§ RECORDS SUPPLIED
────────
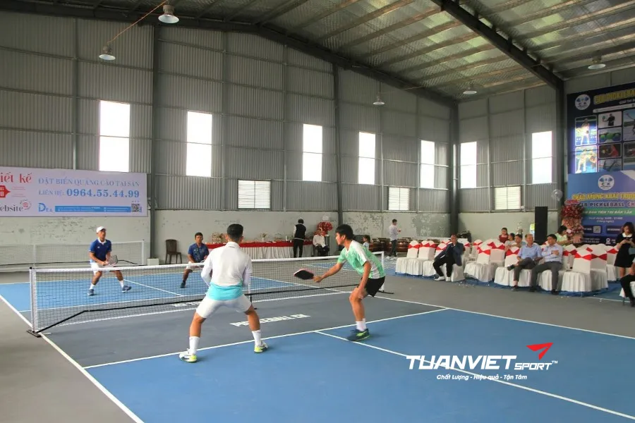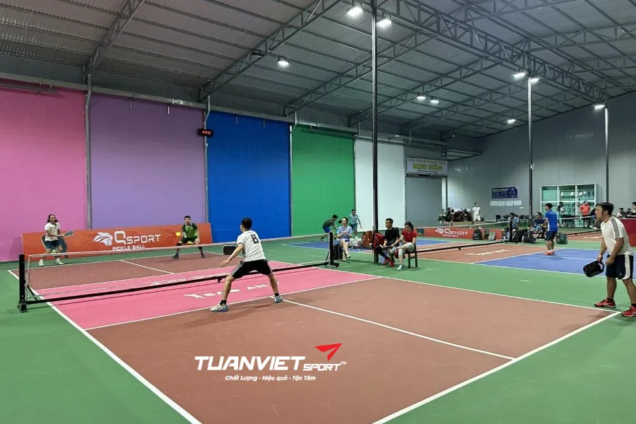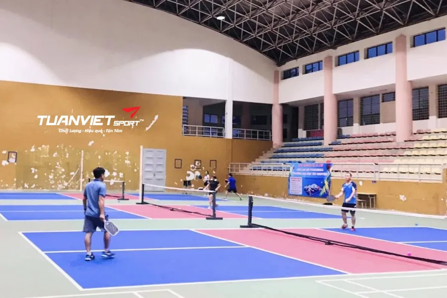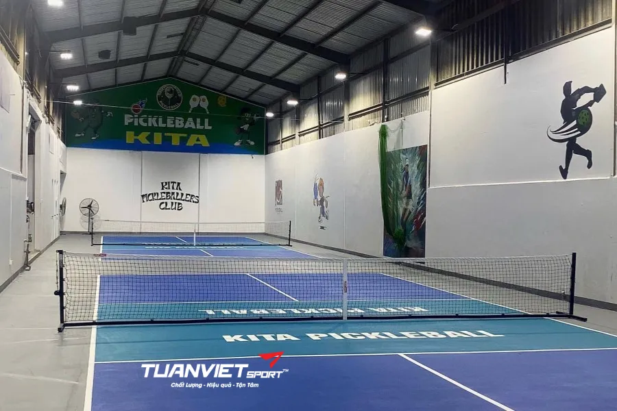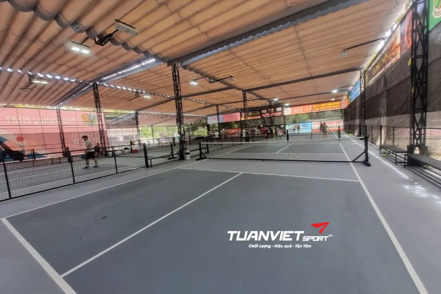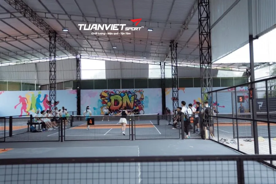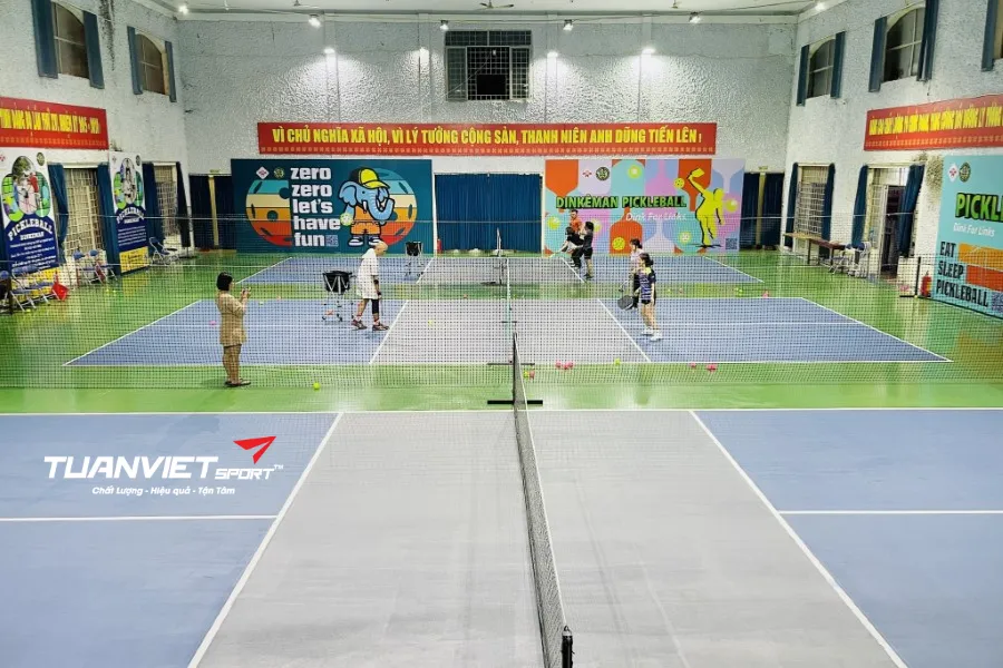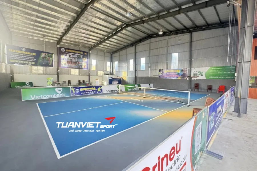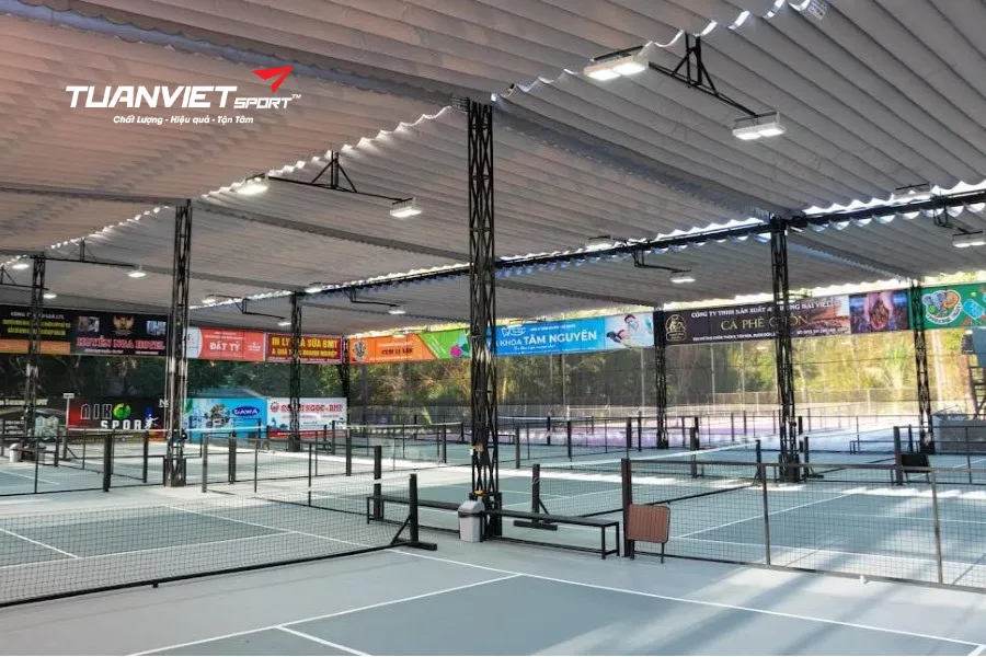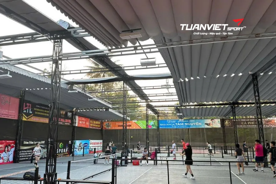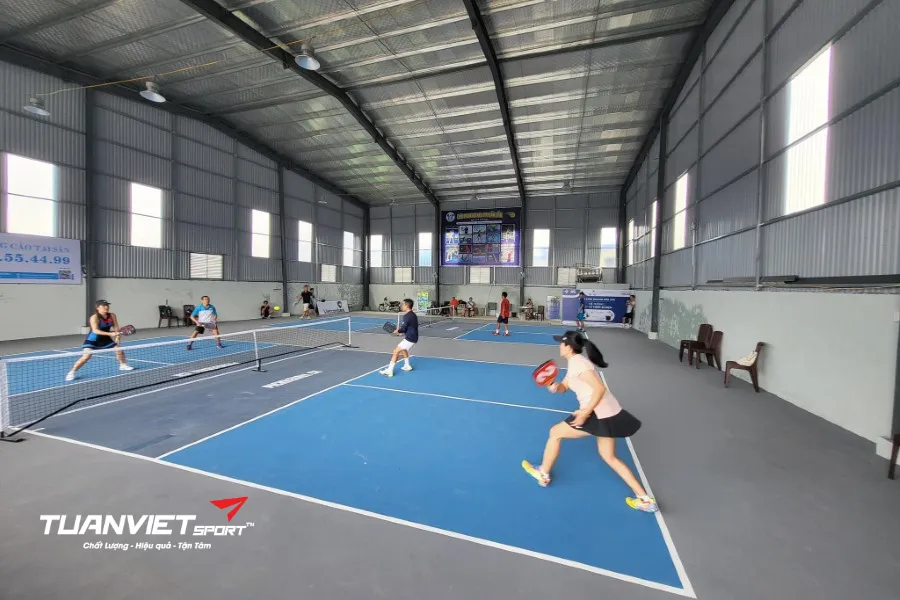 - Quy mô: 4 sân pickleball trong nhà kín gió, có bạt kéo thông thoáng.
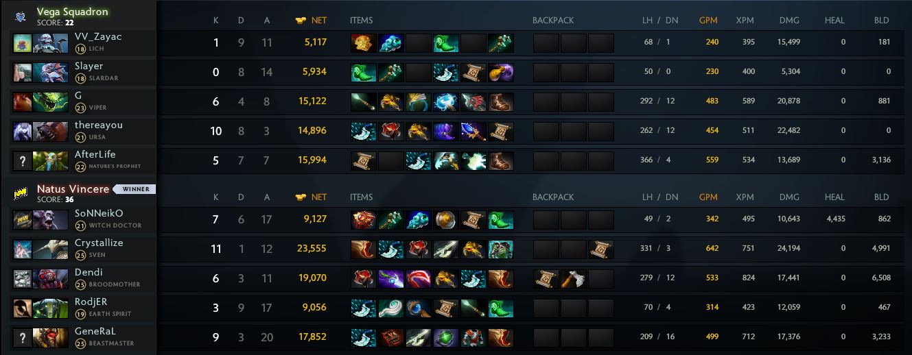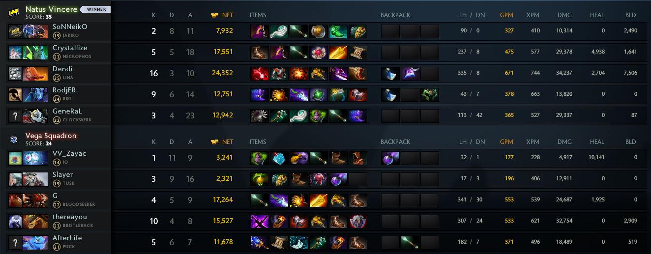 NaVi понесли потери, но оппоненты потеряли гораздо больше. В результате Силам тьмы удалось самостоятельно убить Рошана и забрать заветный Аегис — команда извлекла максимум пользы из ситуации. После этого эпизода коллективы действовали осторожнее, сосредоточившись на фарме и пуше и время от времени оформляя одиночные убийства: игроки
────────
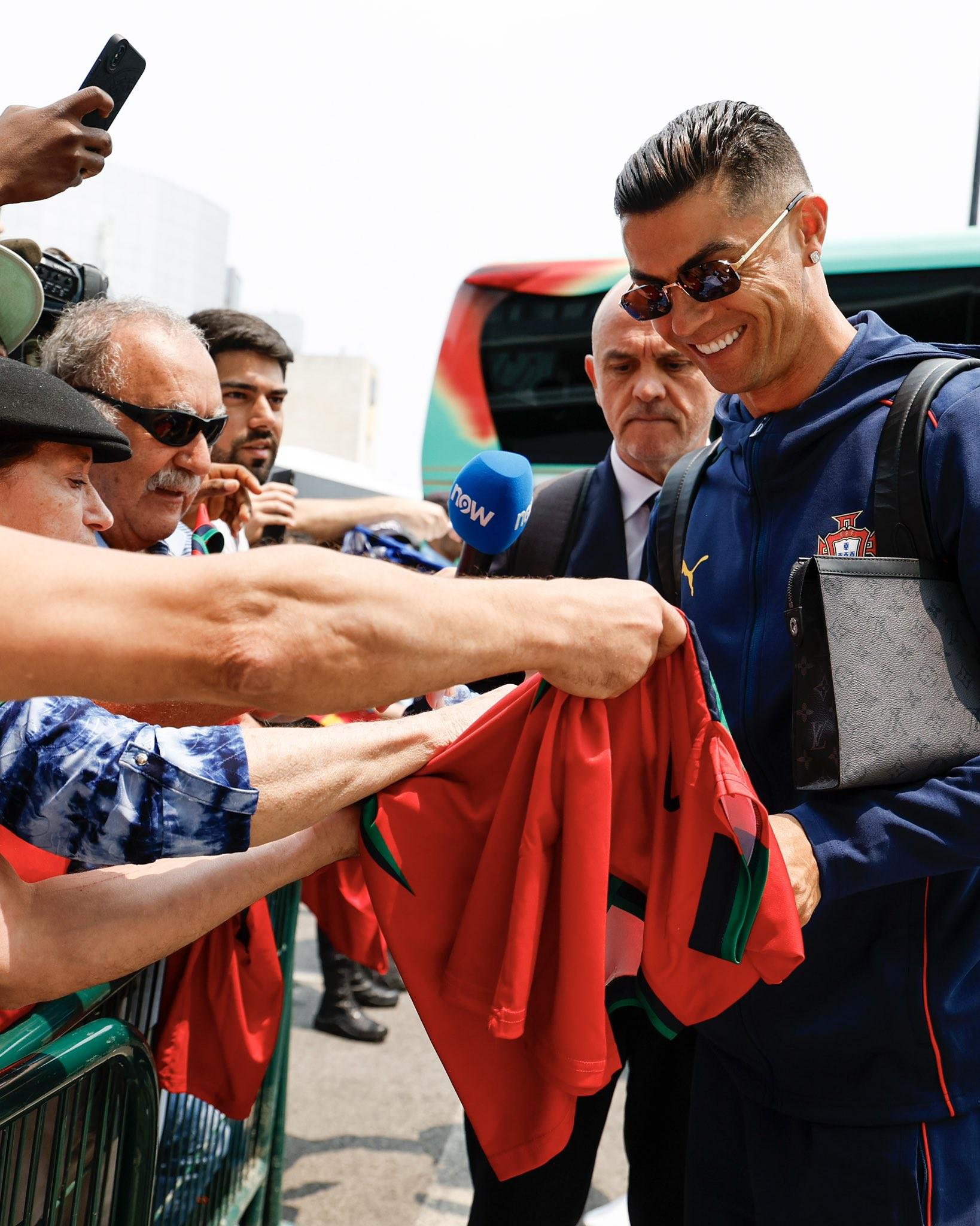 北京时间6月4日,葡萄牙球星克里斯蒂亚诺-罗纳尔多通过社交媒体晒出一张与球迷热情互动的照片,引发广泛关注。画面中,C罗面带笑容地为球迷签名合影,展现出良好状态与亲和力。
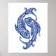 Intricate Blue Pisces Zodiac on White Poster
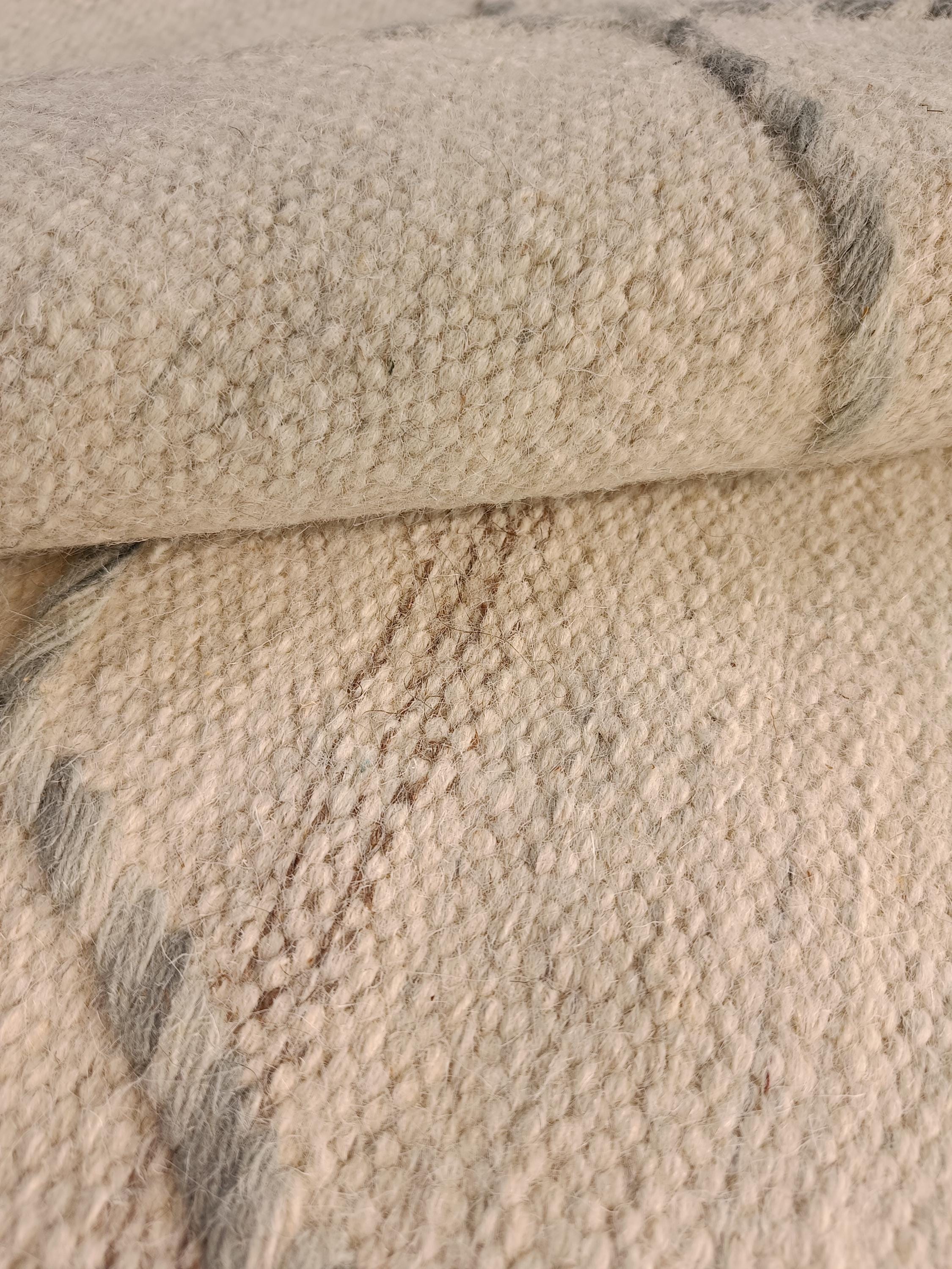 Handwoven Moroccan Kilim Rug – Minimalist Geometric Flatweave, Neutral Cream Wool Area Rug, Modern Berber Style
────────
§ TASK PROMPT
In the data above, start at the line holding "北京时间6月4日,葡萄牙球星" and stop after the line holding "Handwoven Moroccan Kilim"; write out those lines exactly, without pictures.

§ EXERCISE RESPONSE
 北京时间6月4日,葡萄牙球星克里斯蒂亚诺-罗纳尔多通过社交媒体晒出一张与球迷热情互动的照片,引发广泛关注。画面中,C罗面带笑容地为球迷签名合影,展现出良好状态与亲和力。
 Intricate Blue Pisces Zodiac on White Poster
 Handwoven Moroccan Kilim Rug – Minimalist Geometric Flatweave, Neutral Cream Wool Area Rug, Modern Berber Style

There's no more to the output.